### Description of the task
Your answer must be the lines from the top of the listing below through the line that holds "- 遍历所有高度,即可得出最大面积", retyped exactly, with no pictures.

### Records for processing

○ ○ ○ ○ ○ ○ ○

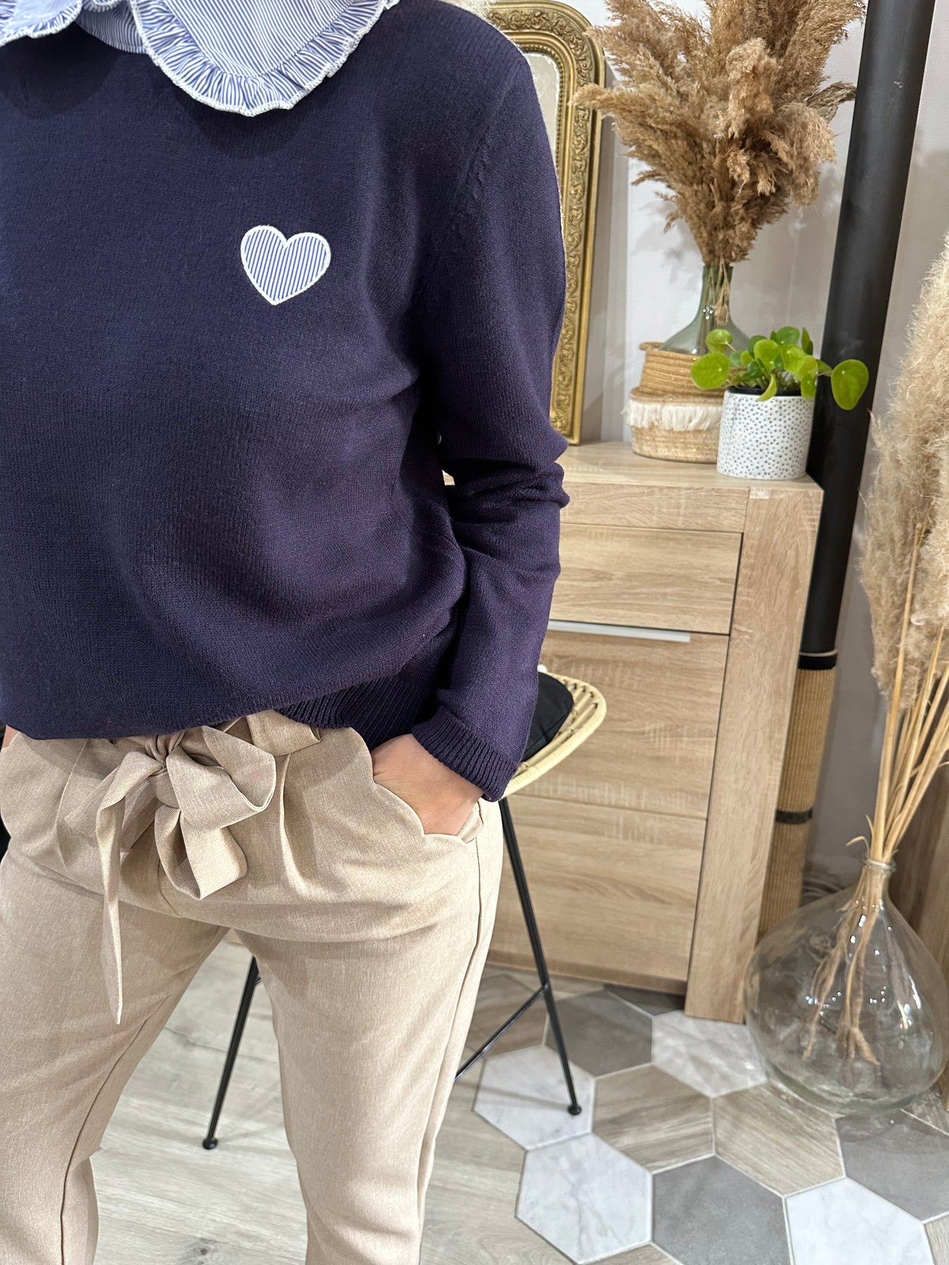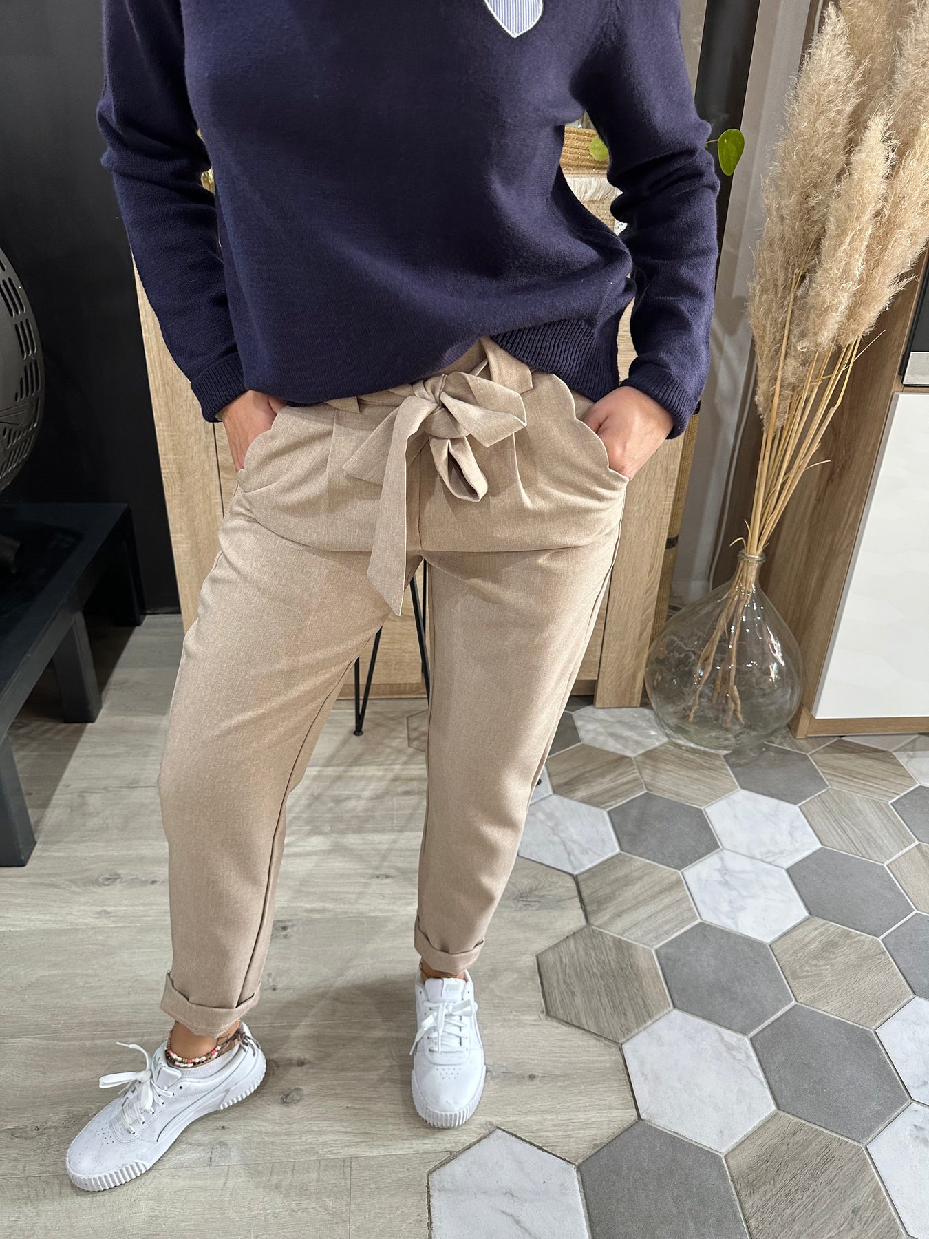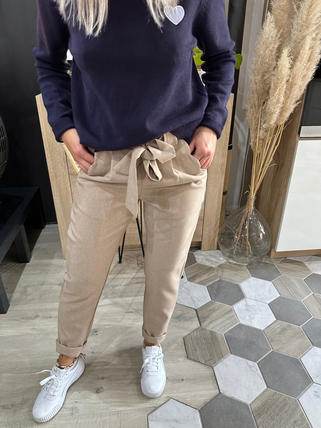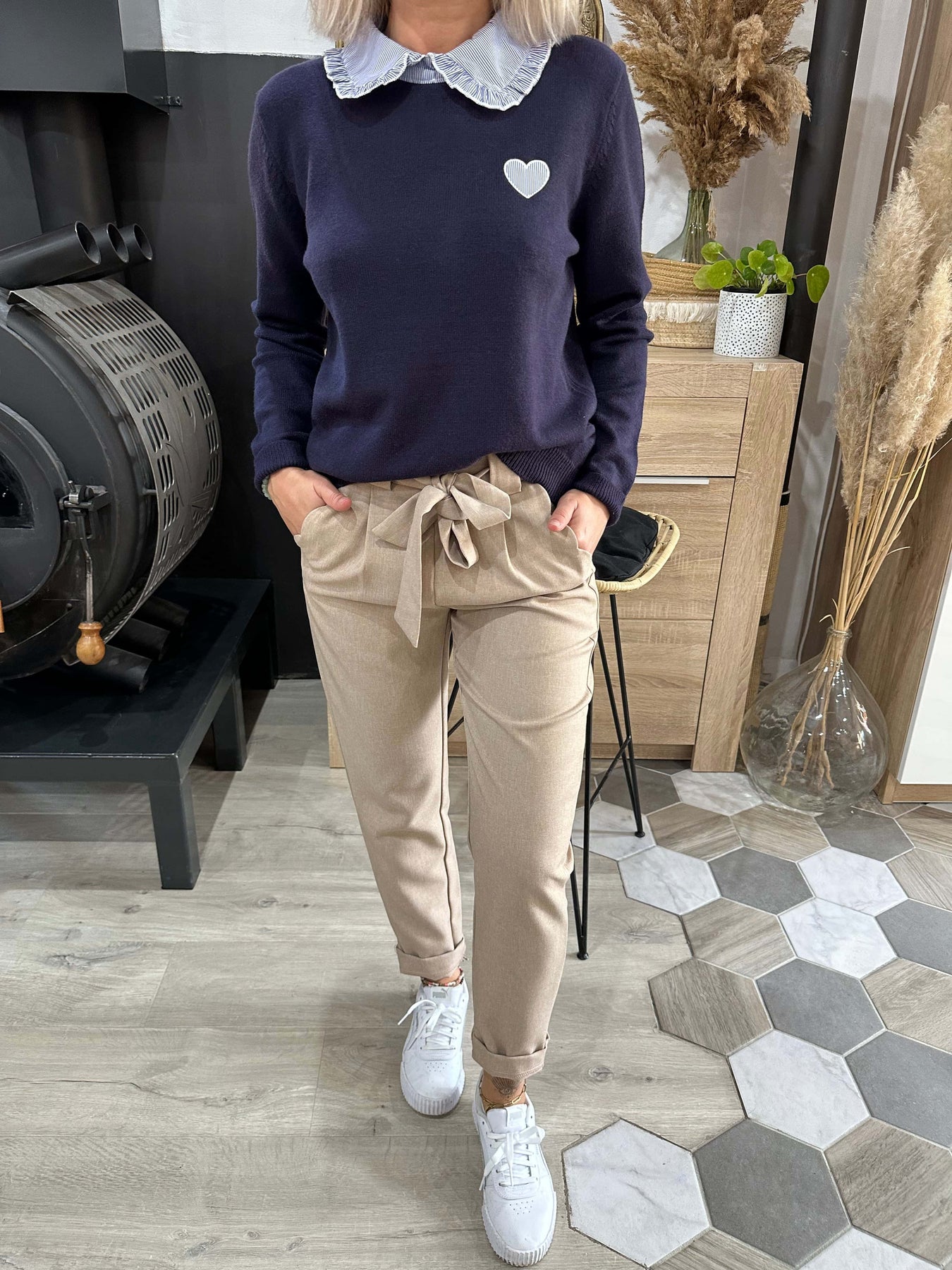 Elise mesure 1m62 et met du 36 elle porte le pantalon avec le pull Lola
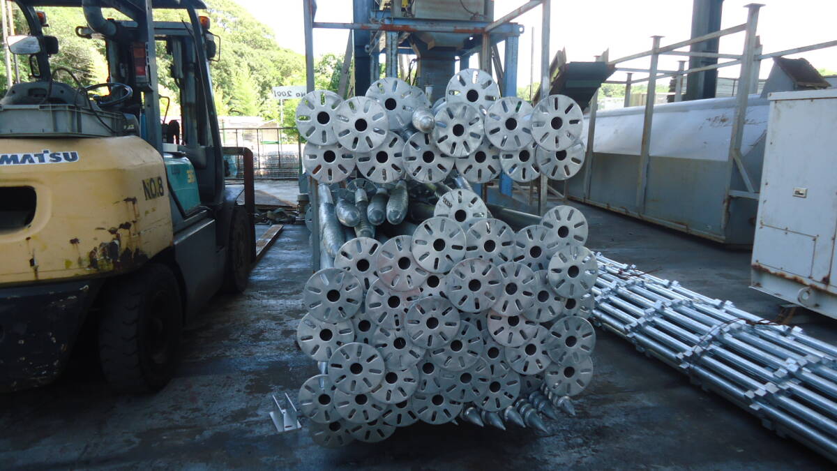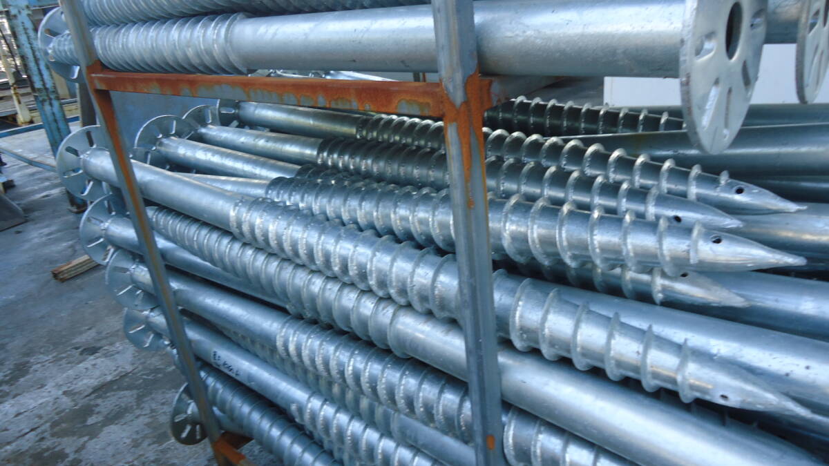 油谷 №2001 スパイラル杭 スクリュー杭 フランジ付き 埋め込み支柱 太陽光 ソーラーパネル 設置 基礎杭 架台 地中ビス アースドリル
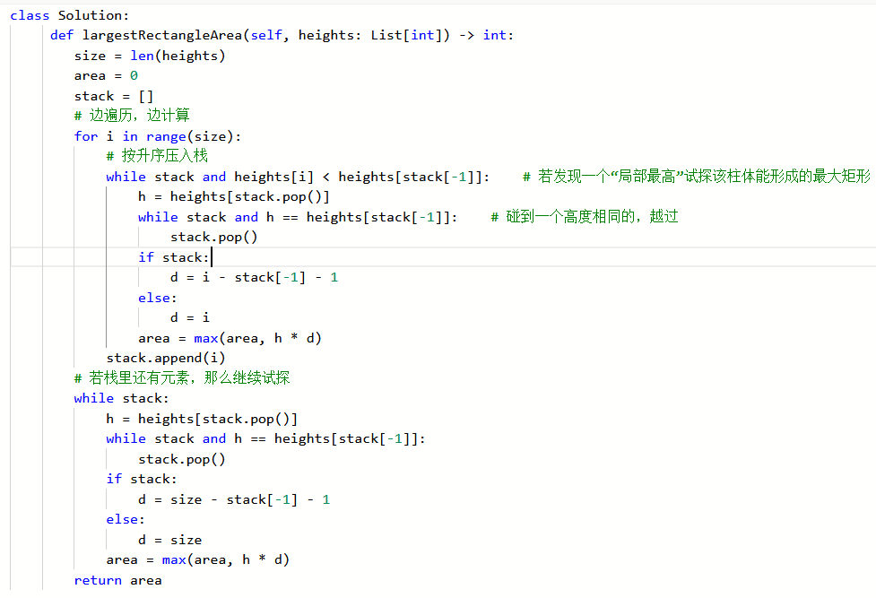 - 遍历所有高度,即可得出最大面积
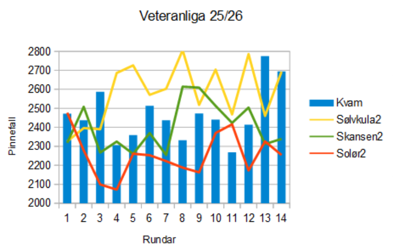 I skjermdumpen over her ser du totalscoren til veteranlaget vårt i alle dei 14 rundane me har spelt (blå kolonner). Det står 3 rundar igjen og eg har leika meg med å leggja inn diagramlinjer for dei tre motstandarane våre for å indikera styrkeforholdet. Og som de ser så er det berre Sølvkula2 som scorar jamt betre enn oss. Skansen2 har spelt ganske likt med oss medan Solør2 stort sett har hatt dårlegare score enn Kvam. Så ut frå desse tala bør me klara å redda plassen i 4. divisjon.
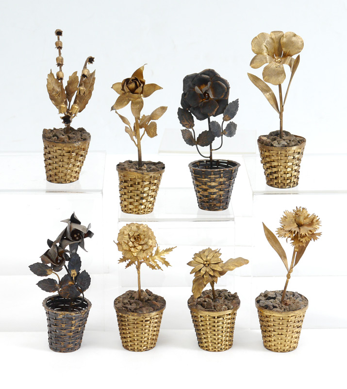 8 MEXICAN STERLING FLOWER MODELS: 6 marked with L.E.T. makers mark and 3 of those also marked ''Rancho Alegre''. Other 2 marked SH Taxco. Tallest measures 5 1/4'' h.
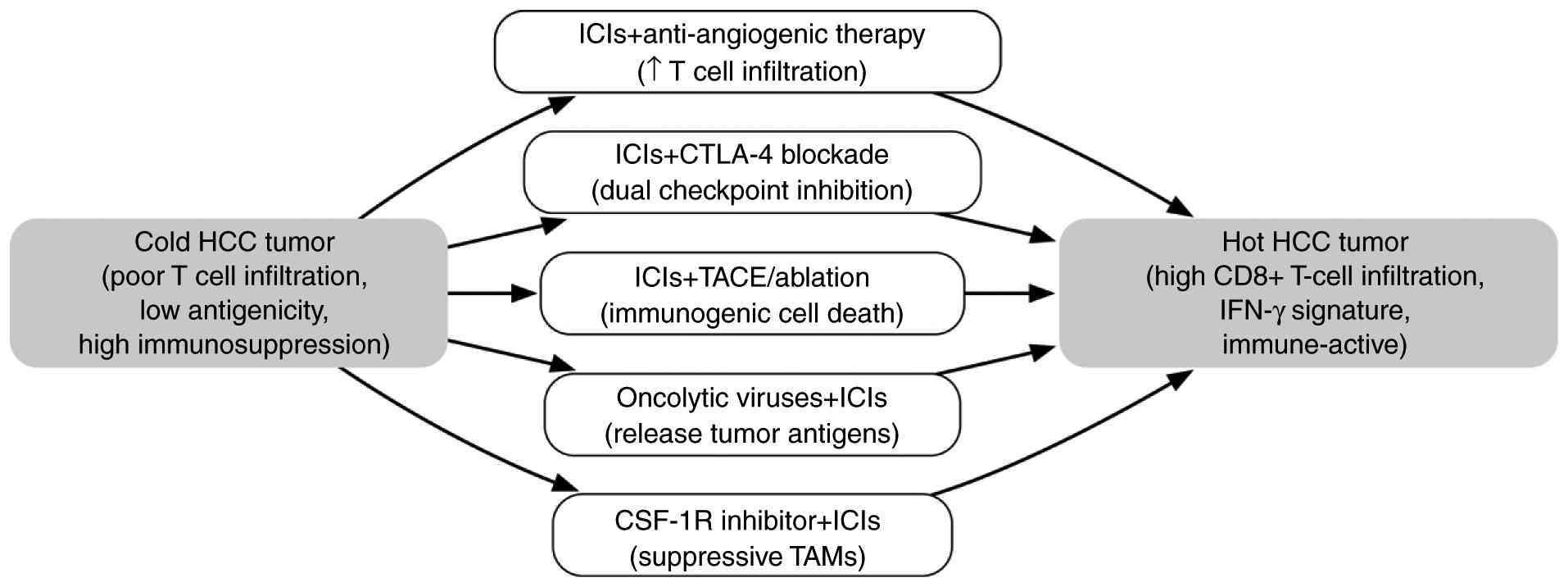 Converting ‘cold’ to ‘hot’ hepatocellular carcinoma for improved immunotherapy (Review)
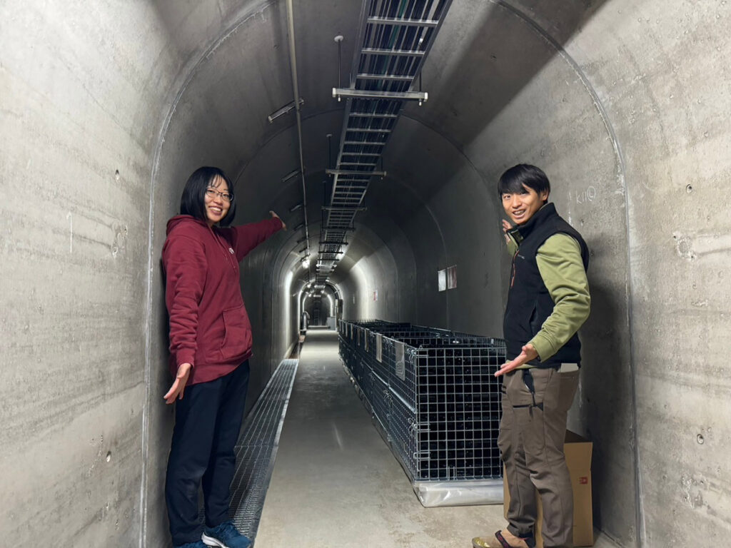 兎ッ兎ワイナリーの新たな取り組みが、ワインの「ダム熟成」。2023年に造ったワインを樽熟成した後、2024年からはダムの地下空間にボトルを移動させて熟成を開始したのだ。
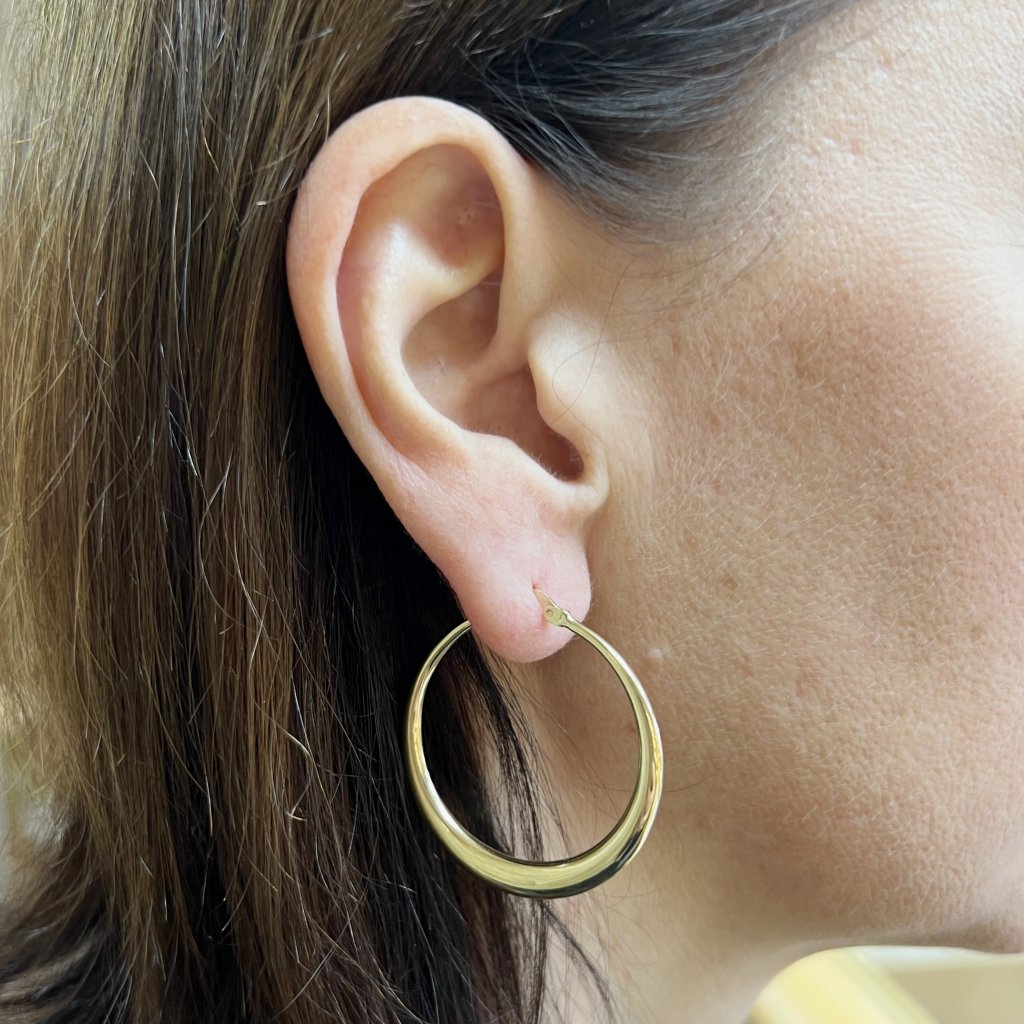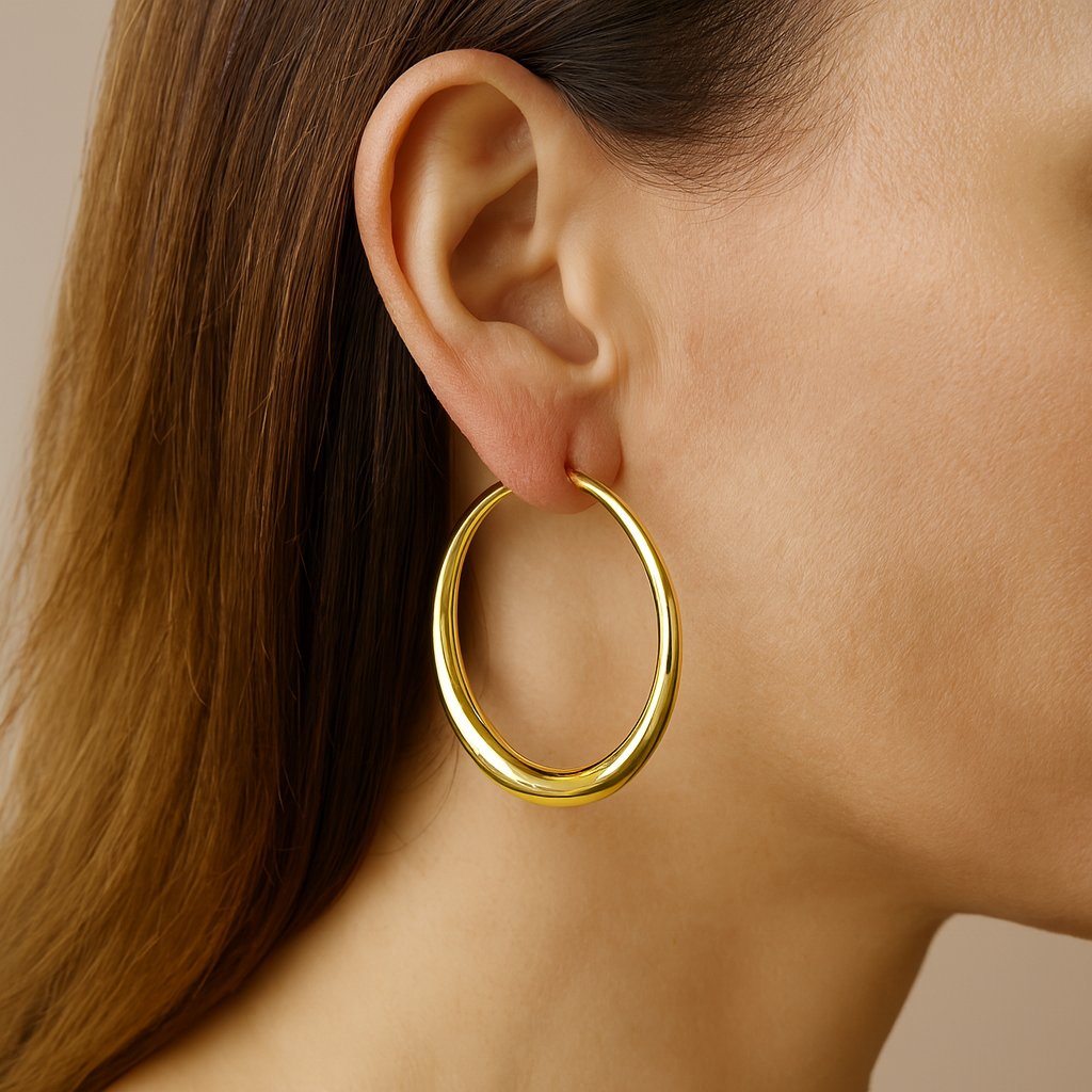 Tyto kruhové náušnice mají hladký a lesklý povrch, který dokonale odráží světlo a dodává jim luxusní vzhled. Jejich tvar a velikost jsou navrženy tak, aby poskytovaly maximální pohodlí při nošení a zároveň podtrhly přirozenou krásu nositelky. Bezpečné zapínání zajišťuje, že náušnice pevně drží na svém místě.
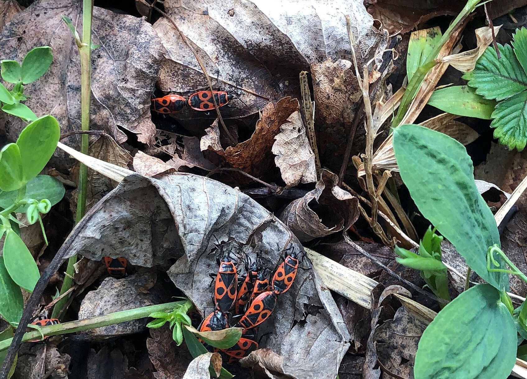 Deshalb machen wir kurz an einem geschützten Plätzchen Rast, um etwas Warmes zu trinken. Zwischen altem Laub entdecken wir Feuerwanzen beim Hochzeitstanz. Die lassen sich durch uns gar nicht stören.

○ ○ ○ ○ ○ ○ ○

### Written response
 Elise mesure 1m62 et met du 36 elle porte le pantalon avec le pull Lola
 油谷 №2001 スパイラル杭 スクリュー杭 フランジ付き 埋め込み支柱 太陽光 ソーラーパネル 設置 基礎杭 架台 地中ビス アースドリル
 - 遍历所有高度,即可得出最大面积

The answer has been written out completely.